The Magic of Dynamic Scope
Last edited Mon, 1 Aug 2005
Most programmers have been taught from time that they are very small children that global variables are evil. "Proper" programming wisdom teaches us to never ever use a global, no matter how convenient it may be. Now too be fair most of the people dispensing this advice are coming from a very odd point of view: they think you are going to write your application in C or Java. It may seem very odd that anyone would choose to write a program in such a language if they don't absolutely have too, but unfortunately it remains standard practice to use these languages for just about everything, and if you look at globals from a C programmers point of view, they are a total disaster. In C, globals kill reentrancy. In C globals are truly and irrevocably global, which means two instances of your program in the same address space have to share that variable, which usually means they simply cannot coexist. Global-ridden libraries cannot be used by more than one thread. They cannot be used in signal handlers, and it is very inconvenient (and probably impossible without the source) to use multiple instances of them even in a totally synchronous program. So where the heck do you put all of that global context that your program needs? Where do you put your output stream, and you xlib handle? Where do you put the --debug flag? A C programmer's answer to these questions is typical of the drudgery the poor wretch is always being forced to endure. He would say "You take all the things you want to be globals and stuff them in a structure called 'context' or something, and then pass the tiresome thing around between every function in your program".

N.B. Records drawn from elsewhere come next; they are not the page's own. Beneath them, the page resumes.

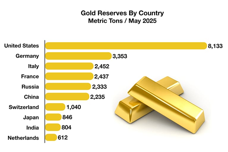 Deutschland hat verhältnismäßig umfangreiche Goldreserven. Sie übersteigen theoretisch sogar die Summe der Staatsverschuldung. Das deutsche Gold lagert unter anderem in London und New York, bis 2016 auch in Paris. Im Falle einer Invasion aus Osten sollte der Staatsschatz schließlich sicher sein. Heute liegt mehr als die Hälfte wieder in Frankfurt.
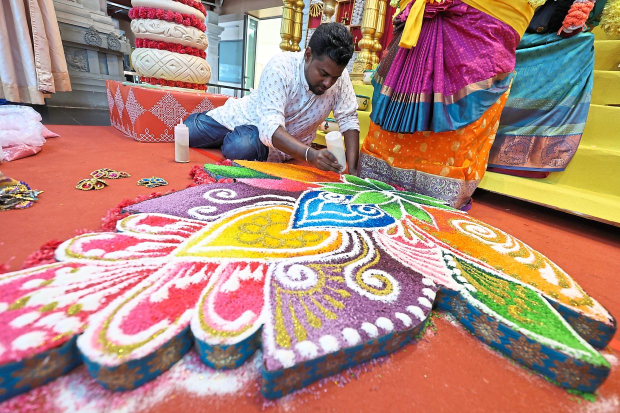 Shops and malls have also adorned their premises with colourful decorations and vast yet intricately designed kolams.
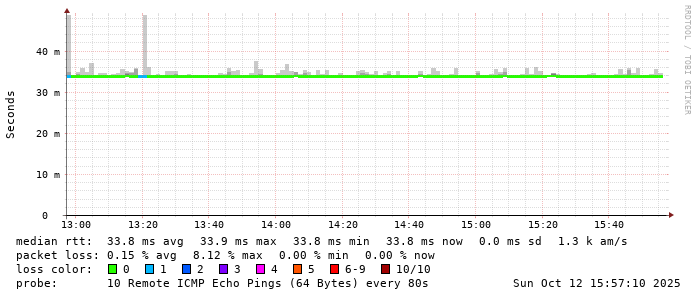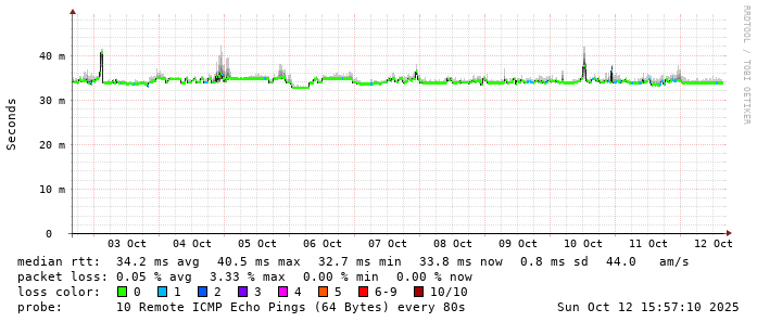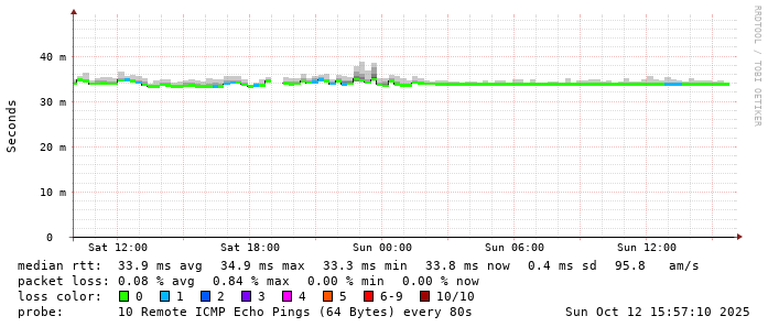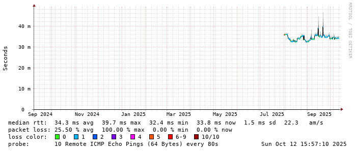 Start: 2025-10-12T04:00:03+0000HOST: ******** Loss% Snt Last Avg Best Wrst StDev 1. AS9678 103.98.75.193 0.0% 10 0.8 0.8 0.7 0.9 0.1 2. AS??? tw52.as9678.net 0.0% 10 1.1 1.1 1.0 1.3 0.1 3. AS??? ??? 100.0 10 0.0 0.0 0.0 0.0 0.0 4. AS??? ??? 100.0 10 0.0 0.0 0.0 0.0 0.0 5. AS??? ??? 100.0 10 0.0 0.0 0.0 0.0 0.0 6. AS??? ??? 100.0 10 0.0 0.0 0.0 0.0 0.0 7. AS??? ??? 100.0 10 0.0 0.0 0.0 0.0 0.0 8. AS??? ??? 100.0 10 0.0 0.0 0.0 0.0 0.0 9. AS??? ??? 100.0 10 0.0 0.0 0.0 0.0 0.0 10. AS16509 ec2-176-34-56-254.ap-northeast-1.compute.amazonaws.com 0.0% 10 35.8 34.6 33.8 36.1 0.9
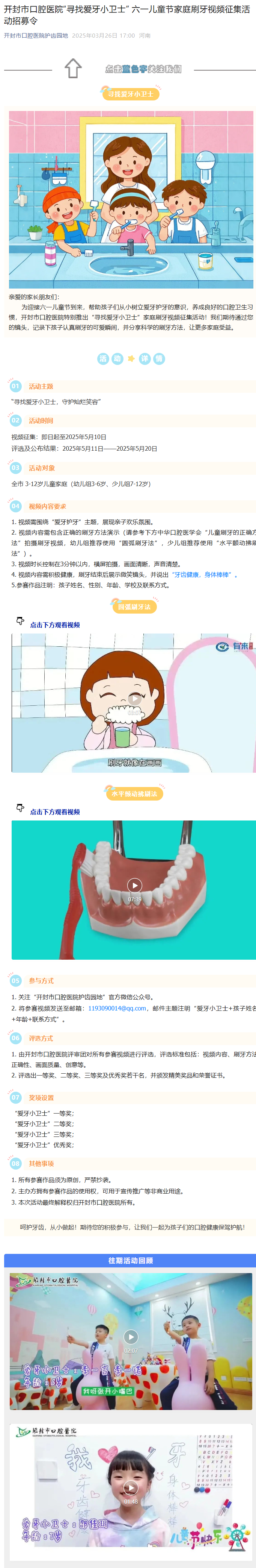 > 开封市口腔医院“寻找爱牙小卫士” 六一儿童节家庭刷牙视频征集活动招募令
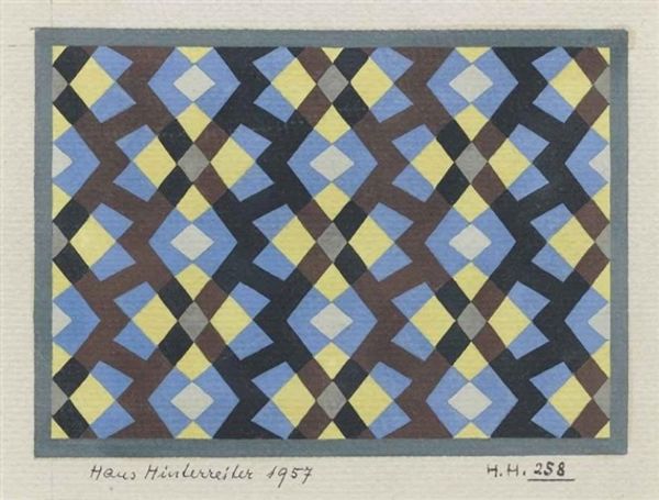 Curator: Before us hangs Hans Hinterreiter’s “Studie 248A,” created in 1950 using acrylic paint. Editor: My initial response is a sense of organized chaos. The interlocking shapes, primarily star-like forms and triangles, in reds, grays, and blues, vibrate against the dark background. Curator: It’s a fascinating example of Hinterreiter's exploration of geometric abstraction and non-objective art. He was deeply interested in mathematical relationships and how they could be expressed visually. Editor: Absolutely. There's a push and pull happening that reflects so much of what was occurring socially at that moment. The aftermath of war, and a period of recalibrating existing social systems and ways of being in relation with each other and oneself. There’s something unsettling and off-kilter that feels pertinent. Curator: His work fits within the larger context of modernism. After the second world war, artists were exploring new ways to express themselves beyond traditional representation. He's one of those figures reflecting this wider desire to start over and examine the essential ingredients of artistic creation. Editor: Considering Hinterreiter's interest in math, I think about the codification of knowledge, and its relationship to systems of power and exclusion, as expressed through the seemingly simple visual language of patterns and shapes. What sociopolitical narratives can we decipher through it? Curator: While his practice leaned heavily into the rational, these works still operate as art objects subject to our individual interpretation, just like how we can explore its potential for social critique. And that tension between cold mathematical formalism and warm individual expressivity is something I think that continues to resonate. Editor: True. Seeing how "Studie 248A" uses basic shapes to spark conversations makes one question: does formalism exist to explore its own sake, or does the creation and curation of non-objective art also influence a political purpose within society? I keep finding the rhizomatic shapes hinting at deconstructed versions of societal power hierarchies. Curator: It’s an interesting thought to close on—leaving the viewers with this ambiguity on the connection between politics and art. Editor: Right, and as an intellectual invitation for new audiences to embrace that discomfort and explore where it leads them.
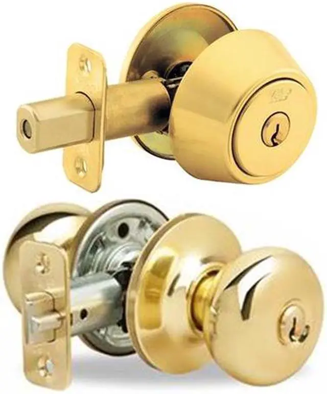 Yale 827-605 Polished Brass US3 Heavy Duty New Tradition Entry Combo Cingle Cylnder Deadbolt And Knobset, designed with guarded latchbolt operated from outside by key, inside by knob and "T" turn. The turn button locks the outside knob, and the "T" turn locks the outside deadbolt. The outside knob and deadbolt unlock by key or by turning inside turn button and "T" turn. This combo set has concealed holding screws providing an afordable, durable, and stylish design that's timeless. This combo set is A156.2 Series 4000 ANSI/BHMA Grade 3 certified, and they feature 2-1/8" face bores, 1" edge bores, 2-3/8" backsets, and solid brass 5 pin cylinder with Kwikset KW1 keyway. These locks fit doors 1-3/8" to 1-3/4" inches thick, and they have latch faces of 1" by 2-1/4" inches.
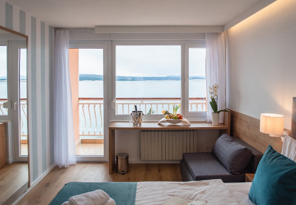 Sobe so opremljene: klima, gretje, kopalnica (WC/tuš), satelitska TV, vse sobe s pogledom na morsko stran imajo balkon, medtem ko sobe na strani park deloma imajo balkon. Idealni vremenski pogoji, ki so prisotni skozi celotno leto, gostom omogočajo uživanje v številnih aktivnostih, kot so izleti z ladjo s pikniki in degustacijami vina na otoku Krk in Vrbniku. Čas lahko preživite v kopanju v kristalno čistem morju, sončenju, za vse aktivne pa so tu sprehodi, tek in kolesarjenje v okolici Crikvenice.
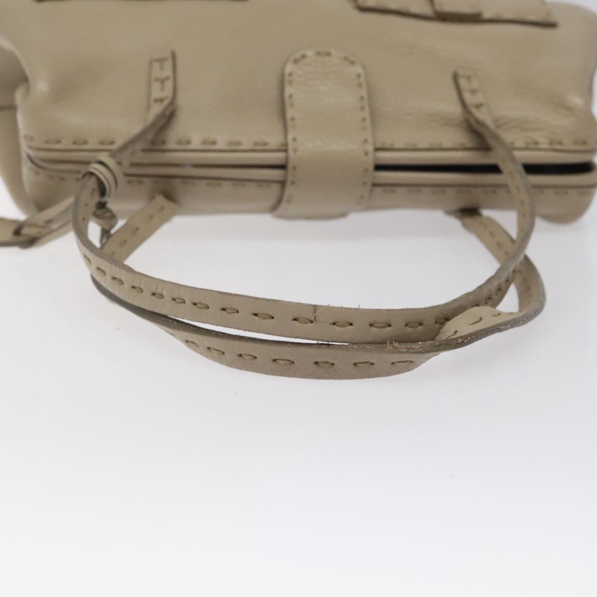 FENDI Celeria Tote Bag Leather Beige Auth 117585
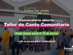 El Municipio de Paraná, a través del programa Todas las Voces, abrió la convocatoria al Taller de Canto Comunitario, en el marco de sus 30 años de trayectoria. La inscripción permanece abierta hasta el 29 de marzo.

Perhaps you don't mind passing context handles around like you have nothing better to do. Perhaps you don't mind casting every little object you pull out of a java.lang.Vector either. Maybe you don't even mind boxing your own ints so javac lets you pass them by reference. If you are such a person then by all means stick to C or Java or Fortran or an abacus or whatever you use. But if you are the sort of person that objects to doing the compilers job for it, then I am here to tell you that Yes, there is a better way. The answer to this problem of where to store all your global data if you can't use global variables is called dynamic scope. The idea is you simply put that data in global variables to start with, but allow those bindings to be locally shadowed by new ones. For example:
;; define a global variable *x* with initial value 'foo
(defvar *x* 'foo)
;; define a function that prints *x*
(defun printx ()
(print *x*))
;; this will print "foo"
(printx)
;; this will print "bar" and "baz"
(let ((*x* 'bar)) ;; create a new binding of the symbol *x* that is
;; visible within this let form
(printx)
(setq *x* 'baz) ;; set *x* to 'baz
(printx))
;; this will print "foo" again
(printx)
It might look like let is simply saving and restoring the value of *x* but in reality that is not what it's doing at all. Let is creating a whole new variable called *x*. Any code within the let, or any code called by any code within the let will have access to this new *x* instead of the global one. The distinction between creating a new variable and saving/restoring an existing one is that the new variable is unaffected by other threads, and the old variable cannot be fouled up by non-local exits (i.e. exceptions). The language guarantees that the only code that will see the new *x* is code that is truly inside the dynamic scope of the let. Dynamic scope is even perfectly compatible with continuations. It can be implemented in scheme via dynamic-wind
Dynamic scope is good for more than just storing output streams and debug flags. Together with non local exits, dynamic scope is the basis of common lisp's mind-blowingly awesome condition system. A condition is like an exception, except:
- They need not be exceptional, i.e. the default response to someone throwing a condition is allowed to be "do nothing"
- Code that signals conditions can provide restarts as well. A restart is a subroutine that can be called to recover from the condition and continue with the computation. For instance a lisp IMAP library might throw "invalid password" condition, but instead of simply quitting, it can provide restarts such as "try again" or "try a new password" or "try a different authentication method".